UBC Exchange (formerly known as UBC Loop) is a major public transit exchange point in the University Endowment Lands adjacent to Vancouver, British Columbia, Canada. The first major bus loop located at the University of British Columbia (UBC) opened in September 1945 to serve students, staff, and faculty.

History
On September 5, 1988, trolley wires were extended to the loop providing the University with trolley bus service for the first time.

In 2003, the campus opened two temporary loops used by TransLink buses travelling to and from UBC: the south loop (used mainly for trolley buses) and the north loop. These temporary loops replaced the old bus loop to make room for a proposed new underground bus loop that was ultimately never built.

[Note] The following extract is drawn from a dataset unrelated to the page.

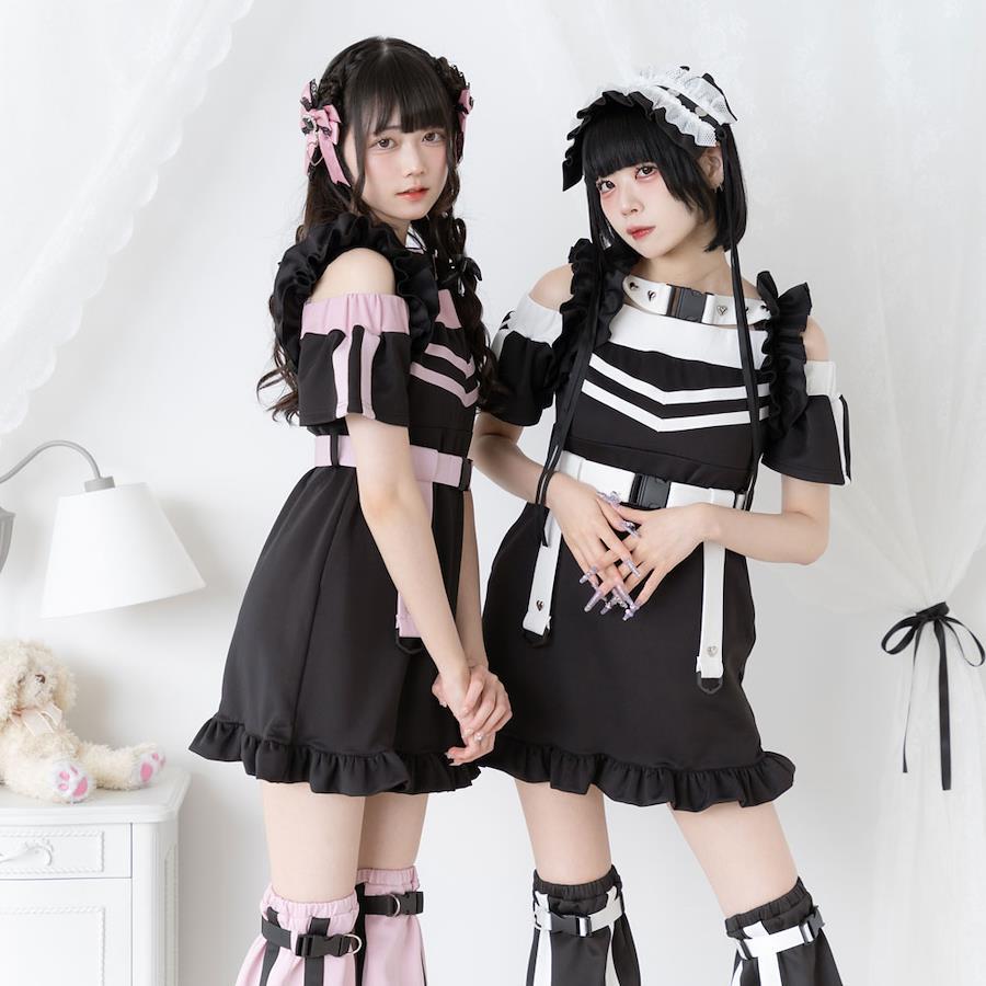 オフショルデザインの地雷パンクテイストなジャージワンピースです♪

The new underground bus loop was slated to be built beside the Student Union Building, on the site of a small mound called the "Grassy Knoll", which was set to be removed to make way for the new loop. This plan was unpopular with a number of UBC students. Several students were arrested after a protest in support of the knoll was shut down by the police in April 2008.

On October 27, 2009, the University announced in an open letter that, because Translink was no longer committing $10 million toward the $50 million underground loop project, a surface loop would be built instead.

On July 9, 2014, it was announced that due to construction of the new UBC Aquatic Centre starting on MacInnes Field, pedestrian and cyclist access to the bus loop would be restricted, and several stops would be temporarily moved. It was estimated the construction would be completed in 2016.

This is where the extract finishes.